- _Supplied material_:
+++++
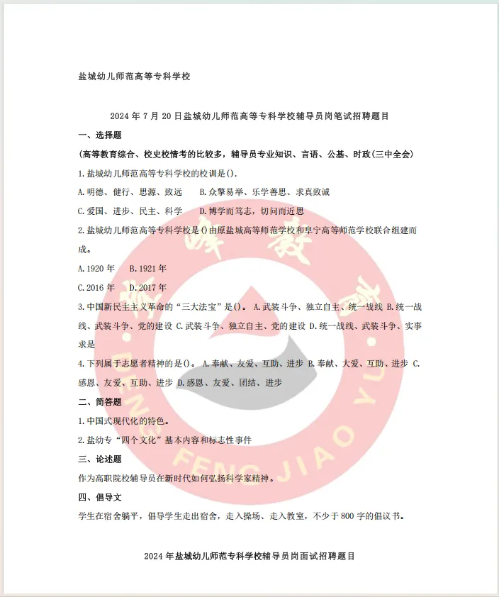 >【真题分享】盐城幼儿师范高等专科学校丨辅导员笔试真题+校史校情
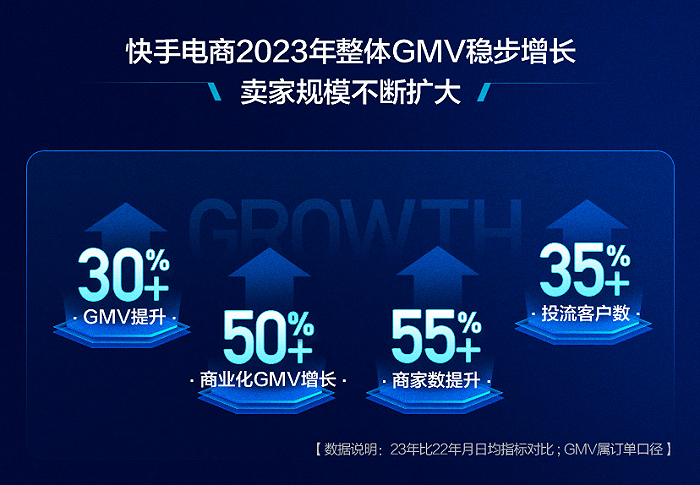 GMV持续增长背后,既是用户心智的逐步成熟,也是平台流量的高效利用。在2024年3月26日举办的快手磁力大会上,快手方面披露了一组电商经营维度的数据——2023年,快手电商GMV提升超过30%,商家数量提升超过55%,商业化GMV增长超过50%,投流客户数增长超过35%,电商商家智能投放产品全站推广客户渗透率达到20%。
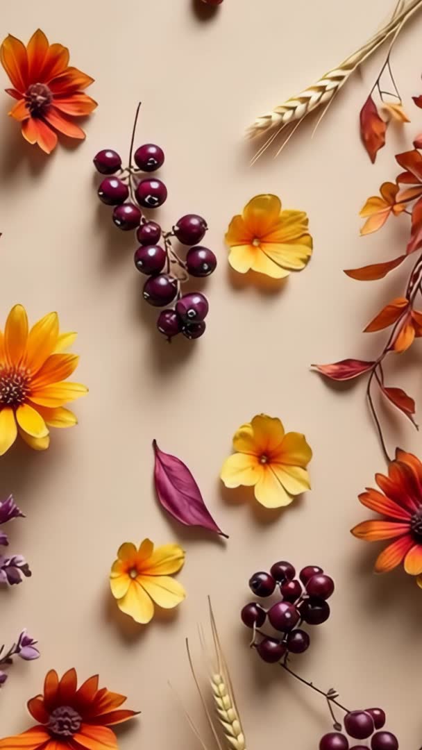 AI Generated Image. Sliding botanical elements arranging into neat composition on warm beige surface, featuring yellow-orange daisies, burgundy berries, wheat stalks and autumn leaves. Close-up vertical loop capturing gentle motion and soft shadows for elegant seasonal atmosphere. Creating smooth loop for vertical platforms, ideal for Instagram Reels, TikTok, Stories, mobile ads and website hero banners. Useful for seasonal marketing, restaurant menu backdrops, blog headers, invitation animations, greeting card designs and packaging. Color palette emphasizing warm orange, yellow and burgundy tones for autumn branding and product promotions.
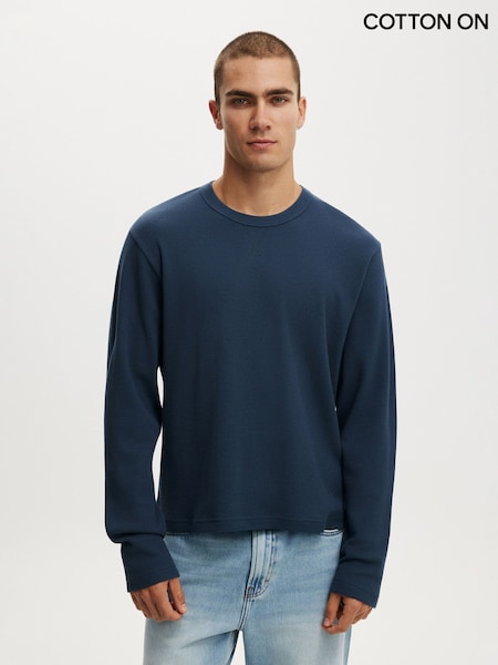 Blau - Cotton On Cropped Fit Strukturiertes Langarm-T-Shirt
+++++
- _Work order_: Please give back the material above exactly as written, pictures omitted.

- _Exercise response_:
 >【真题分享】盐城幼儿师范高等专科学校丨辅导员笔试真题+校史校情
 GMV持续增长背后,既是用户心智的逐步成熟,也是平台流量的高效利用。在2024年3月26日举办的快手磁力大会上,快手方面披露了一组电商经营维度的数据——2023年,快手电商GMV提升超过30%,商家数量提升超过55%,商业化GMV增长超过50%,投流客户数增长超过35%,电商商家智能投放产品全站推广客户渗透率达到20%。
 AI Generated Image. Sliding botanical elements arranging into neat composition on warm beige surface, featuring yellow-orange daisies, burgundy berries, wheat stalks and autumn leaves. Close-up vertical loop capturing gentle motion and soft shadows for elegant seasonal atmosphere. Creating smooth loop for vertical platforms, ideal for Instagram Reels, TikTok, Stories, mobile ads and website hero banners. Useful for seasonal marketing, restaurant menu backdrops, blog headers, invitation animations, greeting card designs and packaging. Color palette emphasizing warm orange, yellow and burgundy tones for autumn branding and product promotions.
 Blau - Cotton On Cropped Fit Strukturiertes Langarm-T-Shirt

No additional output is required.